How to be okay? These things help me to smile again.
Read your Bible
There is no other way to calm my heart and mind but reading my Bible. It always give me the right words of whats happening around me, on what to do, and how to do. Reading my Bible at my weakest days makes me strong again. And it really helps me to think straight again. As God says He comforts his people in our darkest times (Job35:9-10) and went we are weak (Isaiah 40).
As I was telling you that I was very sad as if I do not do anything for my mom. The Bible reminds me that no I am not. The Bible reminds me that I will be comforted when I am mourning (Matthew 5:4) and while I am in grieve God is with me (2 Corinthians1:3-11), what is calmer than that, knowing my God is with me while I am sad. And having the assurance that all these feeling of grief will someday end (Revelation 21:3-4).
Whatever happens pray (Ephesians6:18). I learned that I cannot do anything without God. You may say that it is a cliché but it is true, I cannot be here writing, without Him. I cannot be who I am now without God. I am weak, I am gloomy without Him.
I got operated with my gallbladder when my husband and I still starting our married life together, I lost my house, car and jewelries two years ago and bound to many debts. And last month loosing my mom before Christmas.
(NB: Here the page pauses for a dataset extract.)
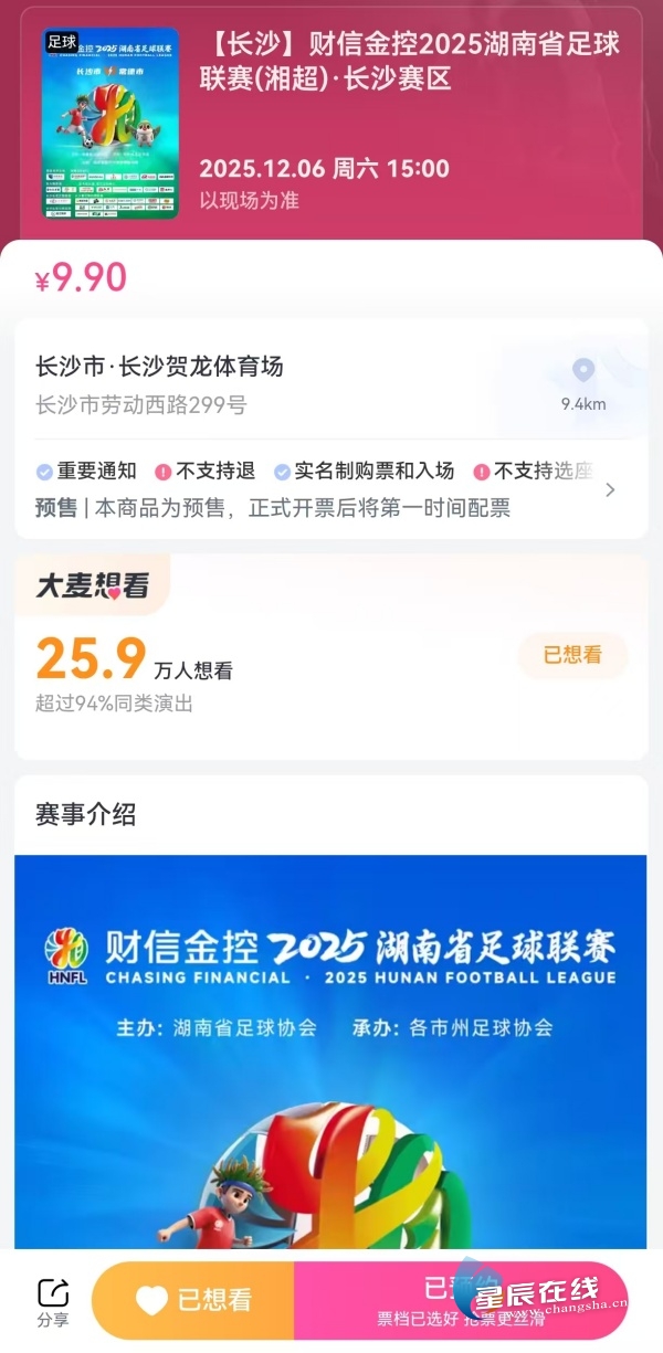 25.9万人蹲守开票!湘超收官战长沙对决常德 贺龙体育场将迎巅峰对决
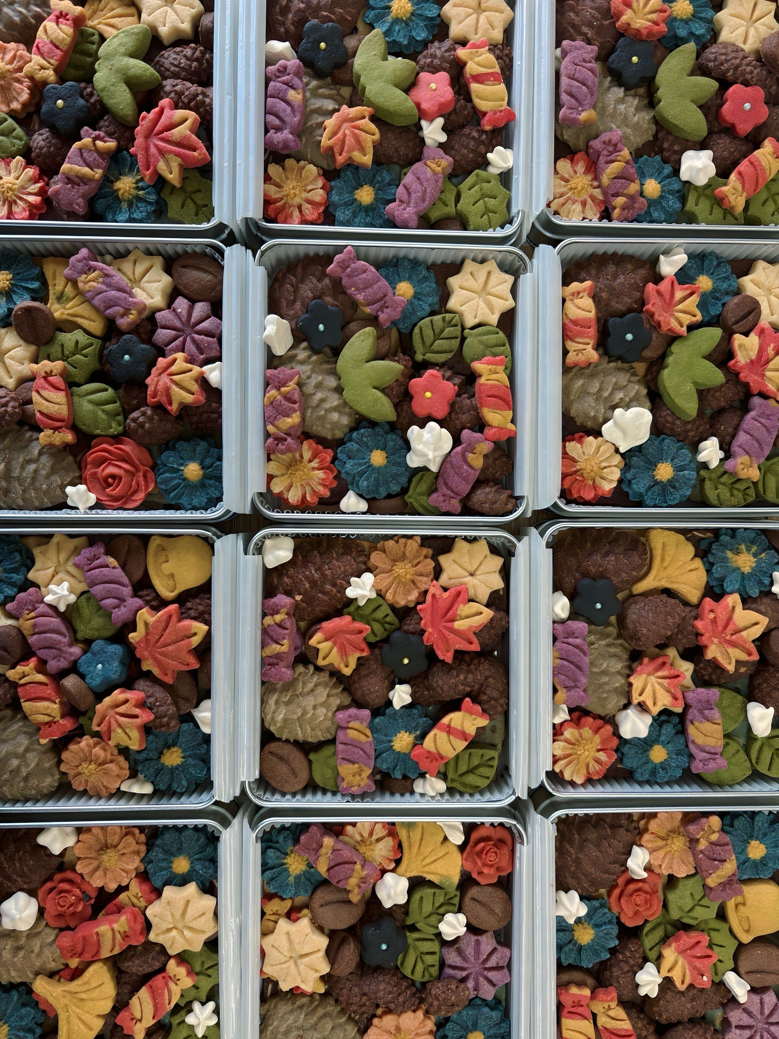 一般的なクッキーの焼き時間は10〜17分ほどですが、1番上のデザインクッキーは1時間以上じっくりと焼き上げています。

So many reasons to be sad and gloomy but still I have many reasons to thank Jesus like before my mom died, my husband and I bought a new house twice as the price of what we lost two years ago. We almost finish paying our debts to our relatives, and just recently my husband got his promotion that will give us financial increase. I have two lovely kids and loving husband. The great I am still lives and still can be bless by God no matter what happen. In my sadness I find joy, by praying I am at peace that everything will be alright because after I pray I find hope that this pain soon will end as God promised.
|My mom and family after Christmas Candlelight 2011 at Cathedral of Praise Manila|
Plan your day with good things to do
Start the year right. Plan your life with new beginning.
Not that I want to forget my mom, she will always be in my heart, she will always be a part of my family, my life.
I want to think that she's always be here guiding us from heaven, watching us to do better for our own family. I am still here and I need to be okay soon.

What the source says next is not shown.